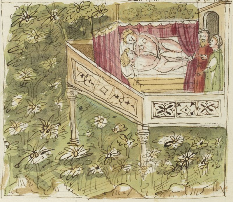 Parigi, Bibliothèque Nationale de France, It. 63, f. 150r. Il copista del manoscritto, datato 10 ottobre 1427, è Ludovico di Salvestro Ceffini. Nel giardino Gabriotto muore tra le …
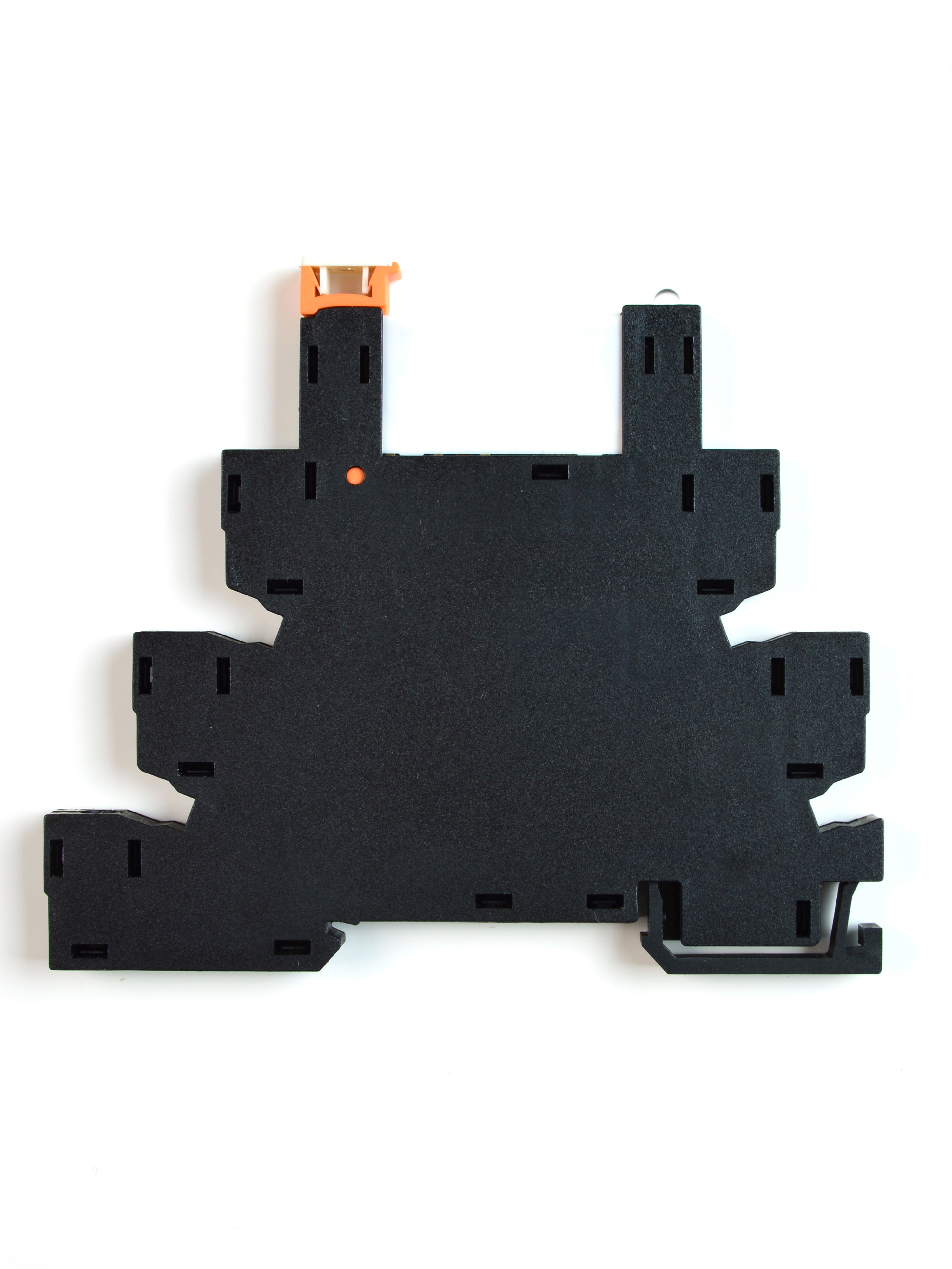Ультратонкий модуль «реле + колодка» для развязки и усиления выходов ПЛК. Питается от 24 V AC/DC, имеет индикацию срабатывания (LED) и устанавливается на DIN-рейку 35 мм. Узкий корпус ≈ 6.2 мм экономит место в шкафу, а винтовые клеммы упрощают подключение в стеснённых сборках. Поставляется в сборе с основанием P41F05-E.
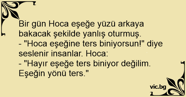 - "Hoca eşeğine ters biniyorsun!" diye seslenir insanlar. Hoca:
────────────────────────────────────────
ABOUT THIS TASK: Exactly as written, restate the lines from the one that contains "с основанием P41F05-E." through the final line of the data, both ends included, but leave out the pictures.

SOLUTION FOR THIS TASK:
Ультратонкий модуль «реле + колодка» для развязки и усиления выходов ПЛК. Питается от 24 V AC/DC, имеет индикацию срабатывания (LED) и устанавливается на DIN-рейку 35 мм. Узкий корпус ≈ 6.2 мм экономит место в шкафу, а винтовые клеммы упрощают подключение в стеснённых сборках. Поставляется в сборе с основанием P41F05-E.
 - "Hoca eşeğine ters biniyorsun!" diye seslenir insanlar. Hoca:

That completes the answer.